Incredible advancements in artificial intelligence (AI) have recently paved the way for the use of AI in healthcare settings. Implementation of AI has the potential to address worker shortages in the medical field, lead to discovery of new drugs, or improve diagnoses (Bajwa et al., 2021). A writer for the American Medical Association, Benji Feldheim applauds AI for restoring the “human side” in medicine. For example, AI scribes in particular ease the documentation burden doctors face—reducing burnout and improving doctors’ interactions with patients as a result (Feldheim, 2025). Another example is the AI model developed by Shmatko et al. (2025), known as Delphi-2M, which is capable of accurately predicting a patient’s next 20 years of disease burden (i.e., what diseases they would contract and when). Evidently, AI is a very promising technology already capable of improving lives, however, there are reasons to be skeptical. While these advances are promising, these uses of AI also raise concerns about fairness and clinical safety. After a brief synopsis of Shmatko et al.’s Delphi-2M, I evaluate the ethical ramifications of AI-powered diagnoses and related clinical tools.

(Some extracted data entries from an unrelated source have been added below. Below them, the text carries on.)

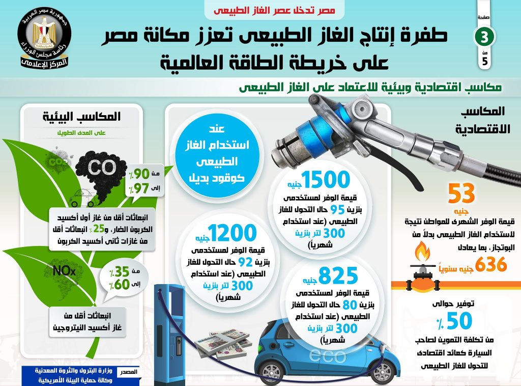 واستعرض التقرير أهم المكاسب الاقتصادية للاعتماد على الغاز الطبيعي كوقود بديل، والتي تتمثل في توفير 53 جنيهاً شهرياً للمواطن نتيجة استخدام الغاز الطبيعي بدلاً من البوتاجاز بما يعادل 636جنيهاً سنوياً، بالإضافة إلى توفير حوالي 50% من تكلفة التموين لصاحب السيارة كعائد اقتصادي للتحول للغاز الطبيعي.
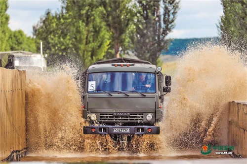 “汽车能手”项目将于8月14日在俄罗斯沃罗涅日州汽车装甲兵训练基地拉开战幕,图为中国参赛队员驾车进行涉水段训练。
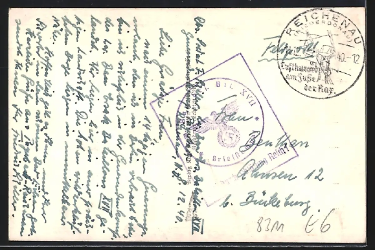 Personenbezogene Daten auf der Rückseite der Karte wurden durch blauen Textmarker unkenntlich gemacht. Die blauen Stellen sind auf die Vorderseite durchgeweicht und wirken sich negativ auf das Postkartenfoto aus
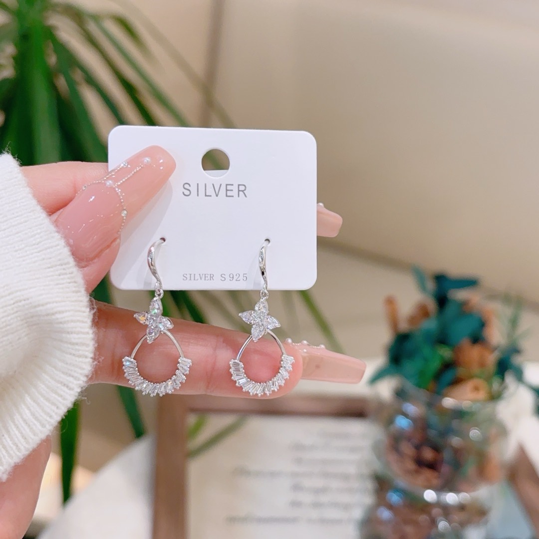 ガーリーアレルギー対応シルバードロップ&スレッドイヤリングシルバー クリスマス
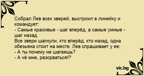 Собрал Лев всех зверей, выстроил в линейку и командует:
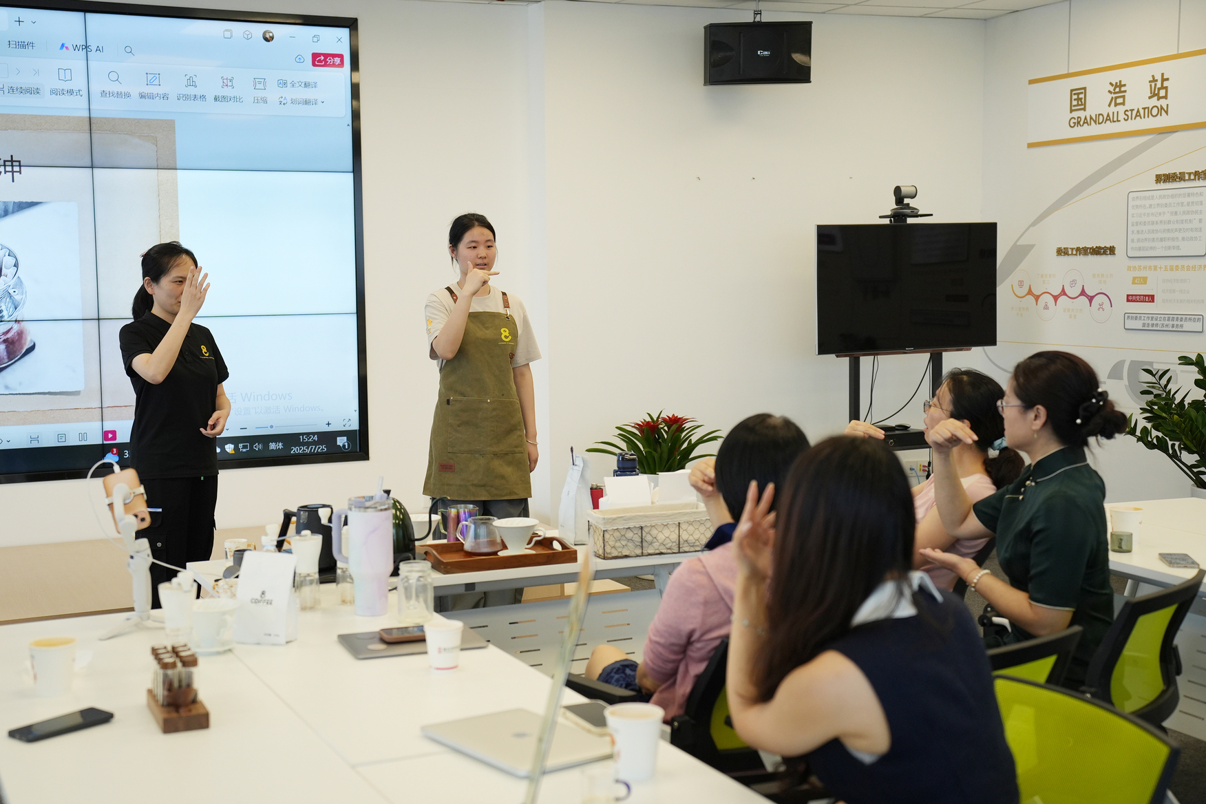 尤為觸動人心的是“用手語點咖啡”的教學環節,在手語老師的耐心教導下,大家認真學習如何通過手語表達“一杯拿鐵”“謝謝”等日常用語,在無聲的交流中感受到溝通的另一種溫度與力量。
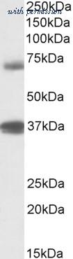Western Blot staining of Human Peripheral Lymphocytes lysate using PA5-19248 at a concentration of 1.0 ug/ml, the primary antibody incubation was 1 hour and the detection method was chemiluminescence.
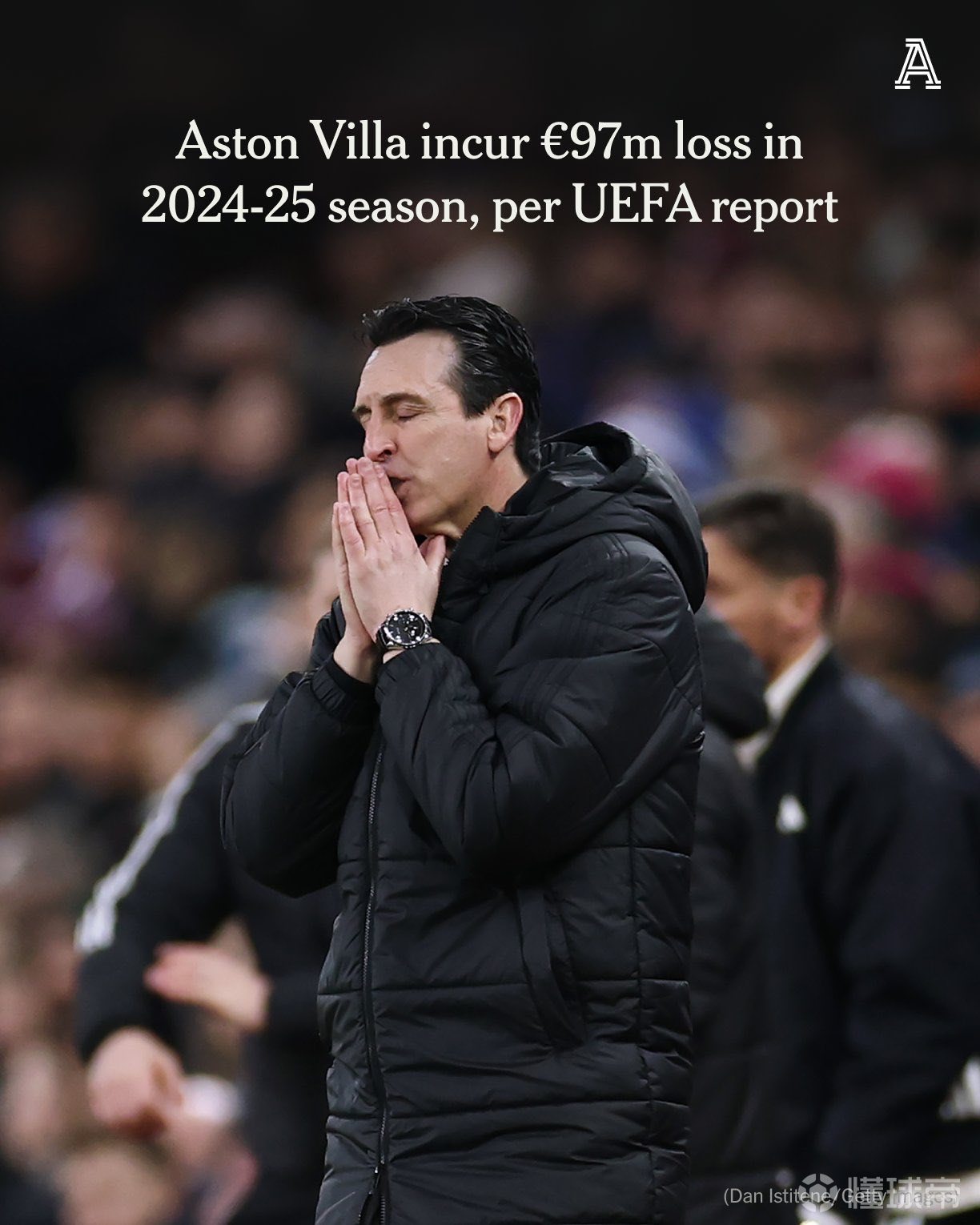 目前維拉以49分位居英超第三,領(lǐng)先第四名曼聯(lián)3分,但近期狀態(tài)起伏明顯:近7輪僅取2勝2平3負(fù)。阿斯頓維拉在向歐足聯(lián)提交的 2024-25 賽季預(yù)算中估計(jì)稅前虧損 8200 萬英鎊(9400 萬歐元)。財(cái)報(bào)顯示,維拉連續(xù)第三年虧損,2022-23賽季稅前虧損1.203億英鎊,2023-24賽季虧損8590萬英鎊。這使得維拉三年來的虧損總額接近 2.9 億英鎊。

Delphi-2M is an AI model trained on over 400,000 patient histories from a UK database to forecast an individual’s 20-year disease trajectory. Similar to chatbots like ChatGPT, Delphi-2M is a large language model (LLM), a type of AI that can recognize and reproduce patterns from large amounts of data. Similar to how chatbots pick up on what words are likely to appear with other words in order to form sentences, Delphi-2M learns from its vast training set of medical records to predict a patient’s disease trajectory from realworld patterns. As Yonghui Wu puts it in her summary of Shmatko et al.’s work, it’s just how becoming a smoker may be followed by a future diagnosis of lung cancer—these are patterns Delphi-2M recognize. To do this, Delphi-2M is fed “tokens” that link diseases or health factors to specific times in a person’s life, like chickenpox at age 2 or smoking at age 41 (Figure 1). Then, Delphi-2M outputs new tokens that predict what diseases and when they will occur in an individual’s life, like the onset of respiratory disorders at age 71 as a result of smoking. Delphi-2M, after being trained, was tested by predicting the medical histories of 1.9 million patients not included in the original training set. Shmatko et al. demonstrate this AI to have great success in accurately predicting disease trajectory, as it partially predicts patterns in individuals’ diagnoses in 97% of cases.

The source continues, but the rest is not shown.